I watched him curiously as he picked the cat out of the basket and held it gently in his arms. With a dropper he sucked up a bit of the liquid from the test-tube. Then he let a small drop fall into the eye of the cat.

The cat blinked a moment and I bent over to observe it more closely. The cat's eye seemed to enlarge, even under the light, as if it were the proverbial cat's eye under a bed.

What did it mean? Was there such a thing as the drug of the evil eye?

"What have you found?" I queried.

"Something very much like the so-called 'weed of madness,' I think," he replied slowly.

"The weed of madness?" I repeated.

"Yes, something like that Mexican toloache and the Hindu datura which you must have heard about," he continued. "You know the jimson weed—the Jamestown weed?
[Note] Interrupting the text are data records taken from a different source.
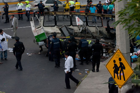 El choque de un microbús de la Ruta 1 –conducido con exceso de velocidad– contra una camioneta particular, en el kilómetro 19 de la carretera federal México- Cuernavaca, dejó un saldo de seis personas muertas y 20 lesionadas Foto Víctor Camacho
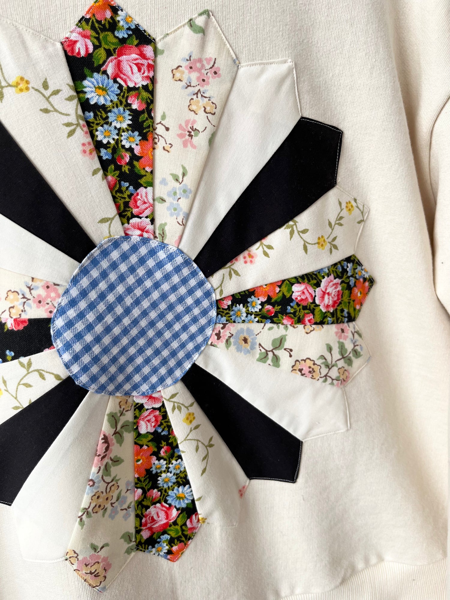 Fabriqué de coton ouaté bio ce crewneck avec son appliqué courtepointe coloré et original rendra ton look confo-casual absolument splendide. Porter ton linge mou n'aura jamais été aussi agréable. Taille unique et ample qui convient aux taille S à XL.
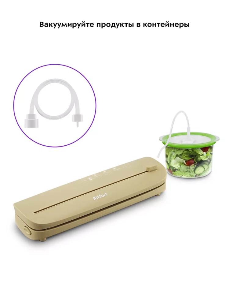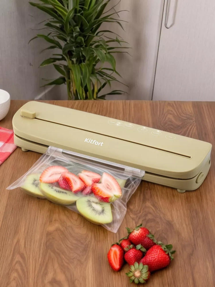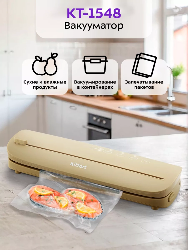 Вакууматор Kitfort КТ-1548 — устройство для вакуумной упаковки продуктов. Вакуумирование позволяет защитить от пыли, грязи, сохранить аромат и продлить срок годности пищевых продуктов. Такой метод хранения уменьшает риск развития бактерий, которые появляются из-за взаимодействия пищи с воздухом. Удаление воздуха из пакета гарантирует замедление процессов брожения, окисления и испарения, позволяя сохранить приятный внешний вид и качество самых разных продуктов питания. Вакуумирование значительно ускоряет засолку и маринование.
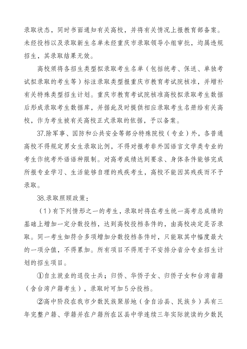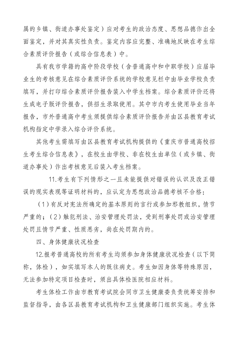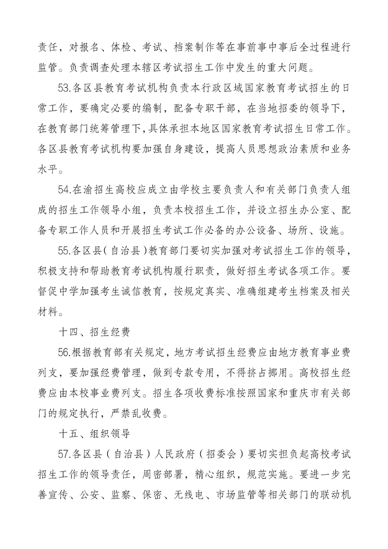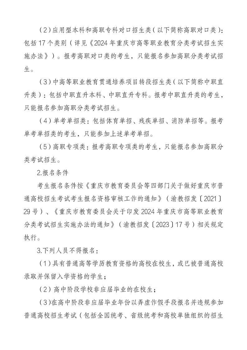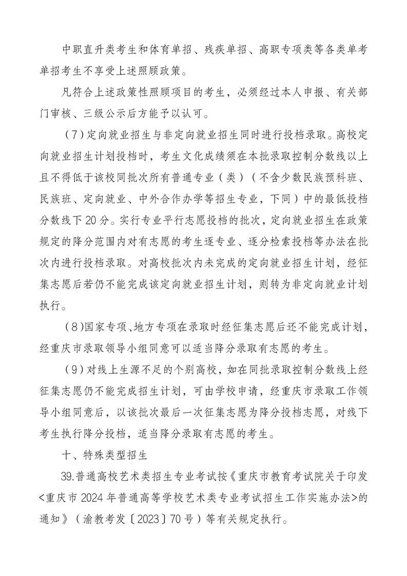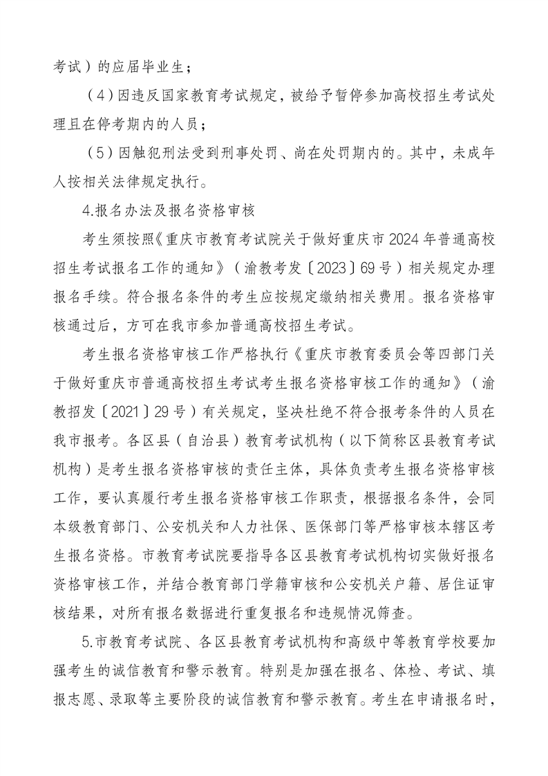 重庆市2024年普通高等学校招生工作实施办法

It grows almost everywhere in the world, but most thrivingly in the tropics. They are all related in some way, I believe. The jimson weed on the Pacific coast of the Andes has large white flowers which exhale a faint, repulsive odor. It is a harmless looking plant with its thick tangle of leaves, a coarse green growth, with trumpet-shaped flowers. But, to one who knows its properties, it is quite too dangerously convenient.

"I think those cigarettes have been doped," he went on positively. "It isn't toloache that was used. I think it must be some particularly virulent variety of the jimson weed. Perhaps it is in the preparation of the thing. The seeds of the stramonium, which is the same thing, contain a higher percentage of poison than the leaves and flowers. Perhaps they were used. I can't say."

He took a drop of the liquid he had isolated and added a drop of nitric acid. Then he evaporated it by gentle heat and it left a residue which was slightly yellow.